Wine & Spirits June 2021 Issue
An elegant California classic. It’s a silky red, a mineral bath of fine vine-wood tannins over complex fruit notes that only emerge days after the bottle is first opened – bergamot, raspberry and cherry skin in subtle, dark red warmth and equally subtle richness. This is a great vintage of Geyserville to treasure in your cellar for as long as you can wait – though it’s usually best to wait at least ten years from the vintage. –J.G.
…the wine layers the fruit of successive generations of vines while combining zinfandel and carignane with petite sirah and alicante bouschet. All those elements come together in a complex tapestry of flavor, smoky in its concentration, lasting on scents of herbs, flowers and berries. As elegant as the wine may be, it is not shy in its rich power. Geyserville often reaches its peak between ten and 20 years from the vintage and this one should age as well. –J.G.

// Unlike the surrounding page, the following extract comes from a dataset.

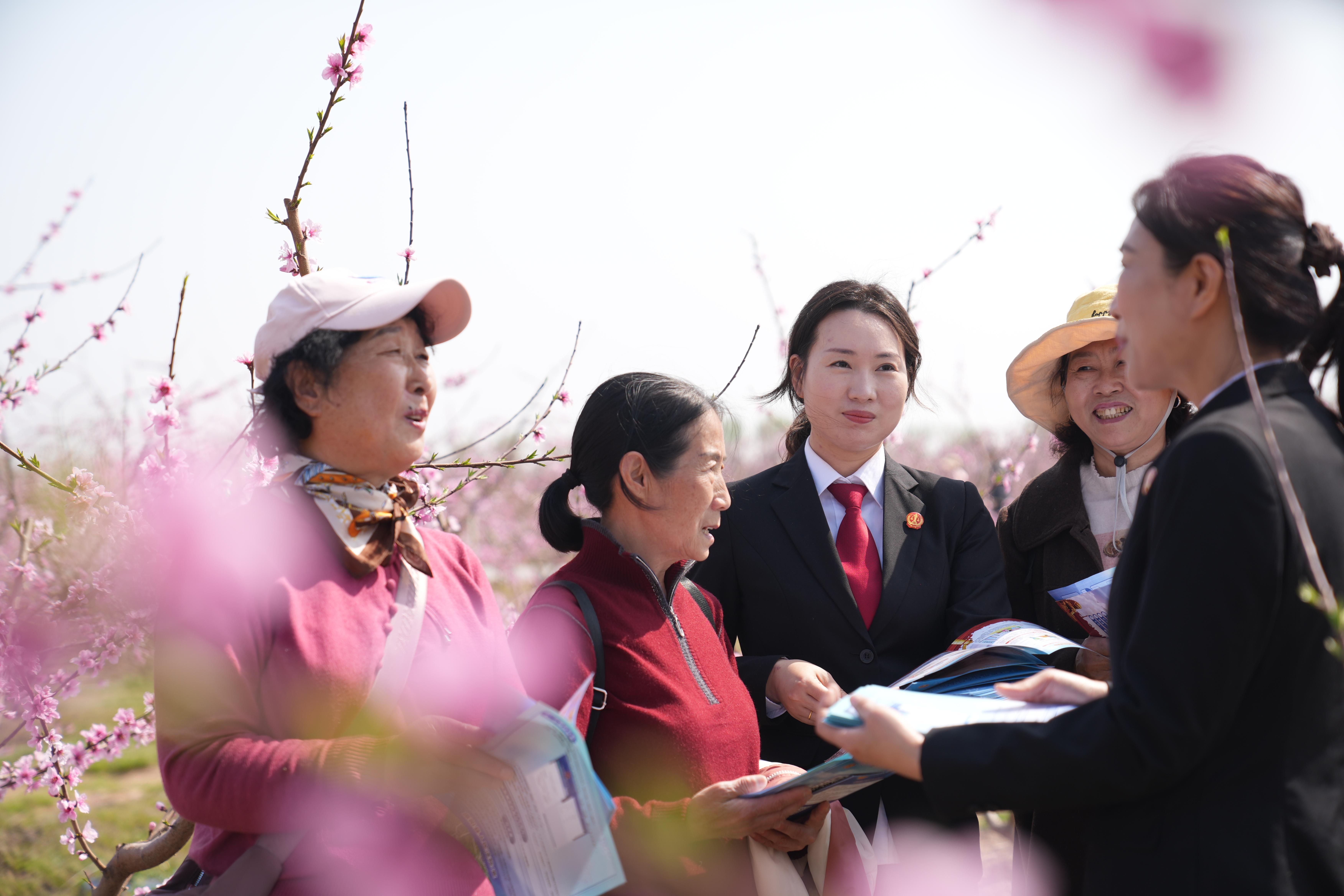圖為3月30日,新鄉(xiāng)市原陽縣橋北人民法庭干警在“鄉(xiāng)見·桃花源”觀景點向游客發(fā)放民法典、消費者權(quán)益保護法等法治宣傳資料。

The east-facing hillside vines at Tim Boatman’s vineyard gave fruit with broad richness in 2018. The wine feels earthy and dynamic, combining purple-plum skin flavors with notes of woodland mushrooms, roots and sassafras. The red baking spices in the tannins lend smokiness to the finish. For slow-smoked pork shoulder. –J.G.
John Olney made this wine from vines planted in 2000 and 2001, creating a plump and delicious zinfandel emphasizing cozy fruit richness and firm tannins. It is exuberant, a pleasure to drink, while holding enough tension to make it a cellar candidate. –J.G.
Blending zinfandel (71 percent) with the blueberry-syrup richness of petite sirah, this is dense red with cranberry-like acidity to corral the pleasant sweetness. There’s a toasted bread note in the end, with oak over stony mineral tannins. For the cellar. –J.G.